EXERCISE DESCRIPTION:
Word for word, copy the data that follows and skip its pictures.

[Records excerpted from a collection]
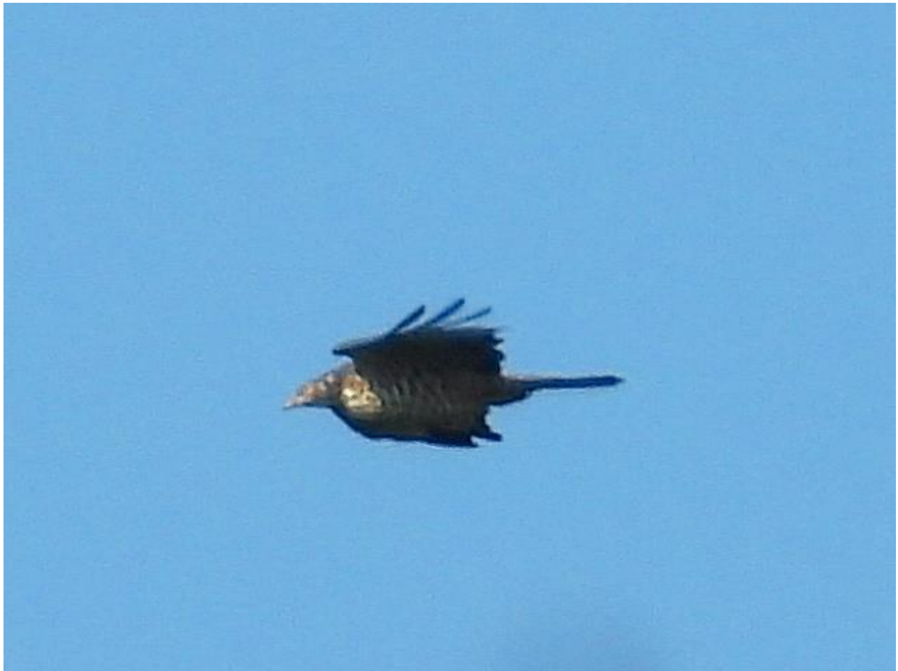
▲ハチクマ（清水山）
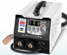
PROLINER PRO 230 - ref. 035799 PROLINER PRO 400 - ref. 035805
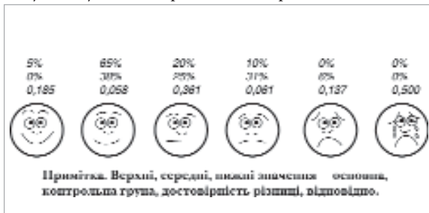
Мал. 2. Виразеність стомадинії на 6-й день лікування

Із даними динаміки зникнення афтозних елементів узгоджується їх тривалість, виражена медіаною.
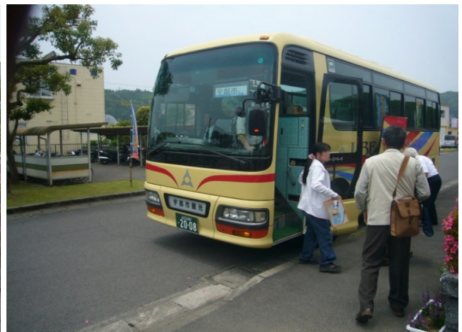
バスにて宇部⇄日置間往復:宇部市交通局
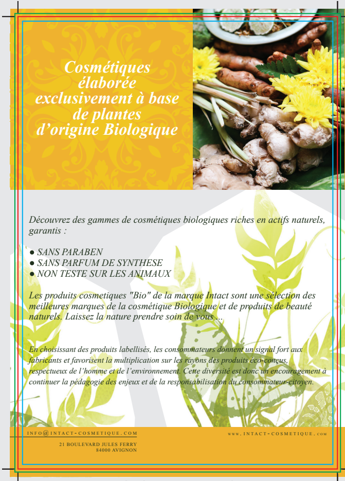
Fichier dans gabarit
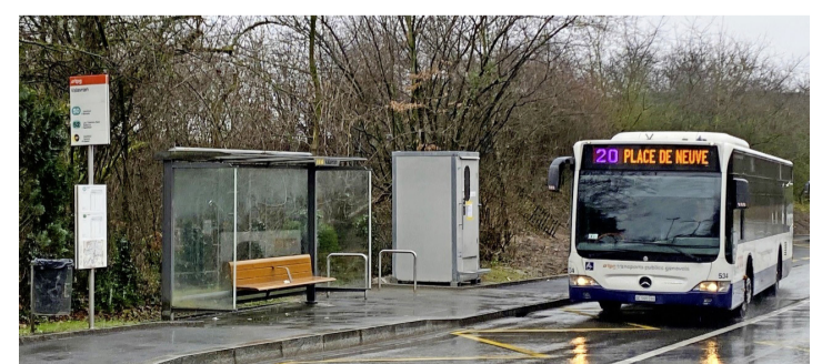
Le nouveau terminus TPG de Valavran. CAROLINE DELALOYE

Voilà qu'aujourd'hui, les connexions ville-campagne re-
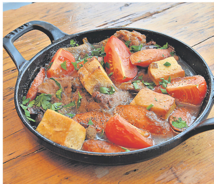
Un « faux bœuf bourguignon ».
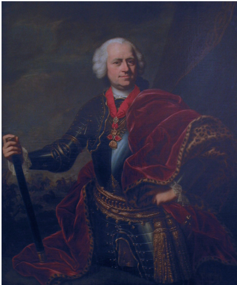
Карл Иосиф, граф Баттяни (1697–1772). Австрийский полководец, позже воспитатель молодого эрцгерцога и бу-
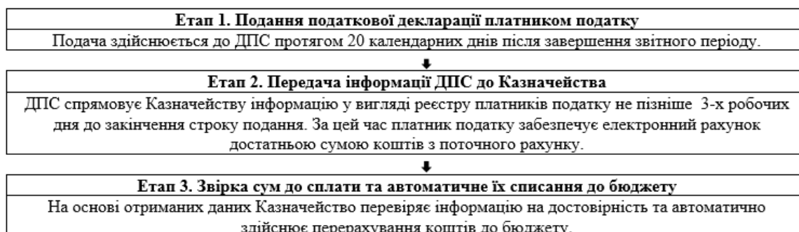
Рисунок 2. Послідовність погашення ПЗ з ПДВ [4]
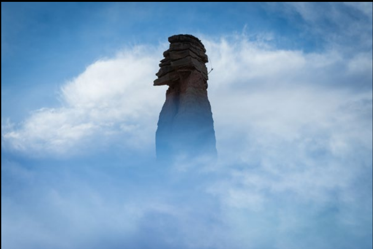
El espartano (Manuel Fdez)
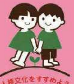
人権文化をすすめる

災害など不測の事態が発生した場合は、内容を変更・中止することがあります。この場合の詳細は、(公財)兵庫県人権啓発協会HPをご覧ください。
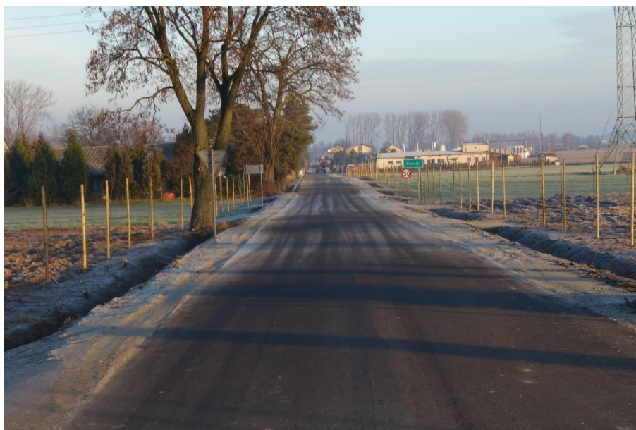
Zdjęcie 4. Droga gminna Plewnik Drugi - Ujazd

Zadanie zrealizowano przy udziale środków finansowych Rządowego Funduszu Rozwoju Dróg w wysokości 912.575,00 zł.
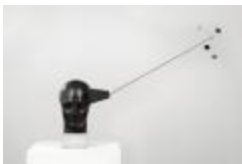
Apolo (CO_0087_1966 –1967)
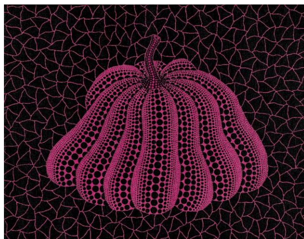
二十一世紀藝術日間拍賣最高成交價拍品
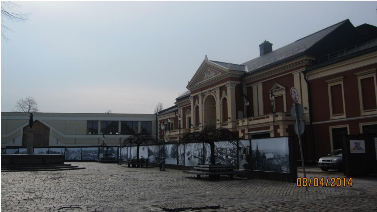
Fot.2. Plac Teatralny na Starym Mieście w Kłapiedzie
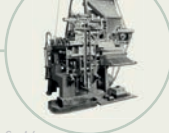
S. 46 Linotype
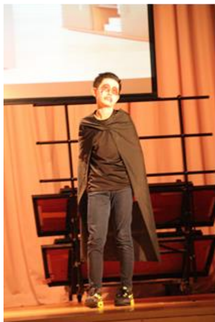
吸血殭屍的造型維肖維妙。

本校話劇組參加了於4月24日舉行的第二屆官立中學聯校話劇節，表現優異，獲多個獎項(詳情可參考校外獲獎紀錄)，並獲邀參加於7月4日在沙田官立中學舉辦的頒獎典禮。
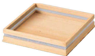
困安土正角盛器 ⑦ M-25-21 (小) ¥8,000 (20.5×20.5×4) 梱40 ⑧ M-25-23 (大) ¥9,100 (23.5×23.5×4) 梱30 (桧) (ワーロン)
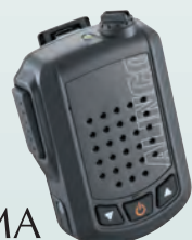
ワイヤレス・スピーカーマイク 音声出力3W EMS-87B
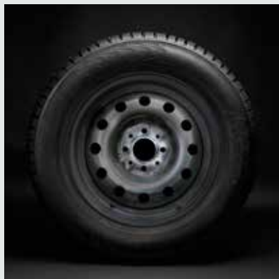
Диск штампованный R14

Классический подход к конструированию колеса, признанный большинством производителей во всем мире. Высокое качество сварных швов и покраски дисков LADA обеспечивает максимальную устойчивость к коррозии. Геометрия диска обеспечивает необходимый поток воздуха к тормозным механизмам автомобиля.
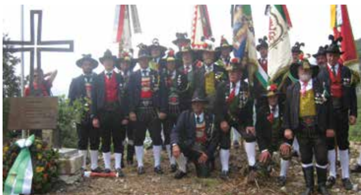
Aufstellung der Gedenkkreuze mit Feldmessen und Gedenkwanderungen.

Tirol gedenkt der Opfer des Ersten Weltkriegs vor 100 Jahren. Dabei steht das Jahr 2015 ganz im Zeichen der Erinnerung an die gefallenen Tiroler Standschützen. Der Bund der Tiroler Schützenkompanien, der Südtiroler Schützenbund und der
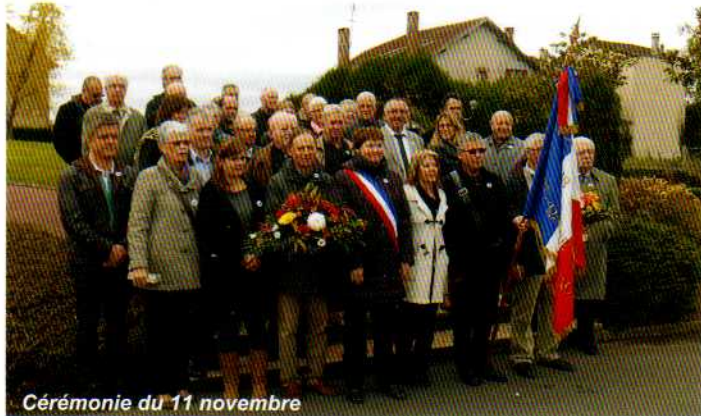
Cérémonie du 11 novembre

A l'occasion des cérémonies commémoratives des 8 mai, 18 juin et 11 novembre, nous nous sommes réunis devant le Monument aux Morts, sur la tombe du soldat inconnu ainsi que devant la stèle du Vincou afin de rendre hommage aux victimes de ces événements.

OUTPUT FOR THIS EXERCISE:
▲ハチクマ（清水山）
PROLINER PRO 230 - ref. 035799 PROLINER PRO 400 - ref. 035805
Мал. 2. Виразеність стомадинії на 6-й день лікування

Із даними динаміки зникнення афтозних елементів узгоджується їх тривалість, виражена медіаною.
バスにて宇部⇄日置間往復:宇部市交通局
Fichier dans gabarit
Le nouveau terminus TPG de Valavran. CAROLINE DELALOYE

Voilà qu'aujourd'hui, les connexions ville-campagne re-
Un « faux bœuf bourguignon ».
Карл Иосиф, граф Баттяни (1697–1772). Австрийский полководец, позже воспитатель молодого эрцгерцога и бу-
Рисунок 2. Послідовність погашення ПЗ з ПДВ [4]
El espartano (Manuel Fdez)
人権文化をすすめる

災害など不測の事態が発生した場合は、内容を変更・中止することがあります。この場合の詳細は、(公財)兵庫県人権啓発協会HPをご覧ください。
Zdjęcie 4. Droga gminna Plewnik Drugi - Ujazd

Zadanie zrealizowano przy udziale środków finansowych Rządowego Funduszu Rozwoju Dróg w wysokości 912.575,00 zł.
Apolo (CO_0087_1966 –1967)
二十一世紀藝術日間拍賣最高成交價拍品
Fot.2. Plac Teatralny na Starym Mieście w Kłapiedzie
S. 46 Linotype
吸血殭屍的造型維肖維妙。

本校話劇組參加了於4月24日舉行的第二屆官立中學聯校話劇節，表現優異，獲多個獎項(詳情可參考校外獲獎紀錄)，並獲邀參加於7月4日在沙田官立中學舉辦的頒獎典禮。
困安土正角盛器 ⑦ M-25-21 (小) ¥8,000 (20.5×20.5×4) 梱40 ⑧ M-25-23 (大) ¥9,100 (23.5×23.5×4) 梱30 (桧) (ワーロン)
ワイヤレス・スピーカーマイク 音声出力3W EMS-87B
Диск штампованный R14

Классический подход к конструированию колеса, признанный большинством производителей во всем мире. Высокое качество сварных швов и покраски дисков LADA обеспечивает максимальную устойчивость к коррозии. Геометрия диска обеспечивает необходимый поток воздуха к тормозным механизмам автомобиля.
Aufstellung der Gedenkkreuze mit Feldmessen und Gedenkwanderungen.

Tirol gedenkt der Opfer des Ersten Weltkriegs vor 100 Jahren. Dabei steht das Jahr 2015 ganz im Zeichen der Erinnerung an die gefallenen Tiroler Standschützen. Der Bund der Tiroler Schützenkompanien, der Südtiroler Schützenbund und der
Cérémonie du 11 novembre

A l'occasion des cérémonies commémoratives des 8 mai, 18 juin et 11 novembre, nous nous sommes réunis devant le Monument aux Morts, sur la tombe du soldat inconnu ainsi que devant la stèle du Vincou afin de rendre hommage aux victimes de ces événements.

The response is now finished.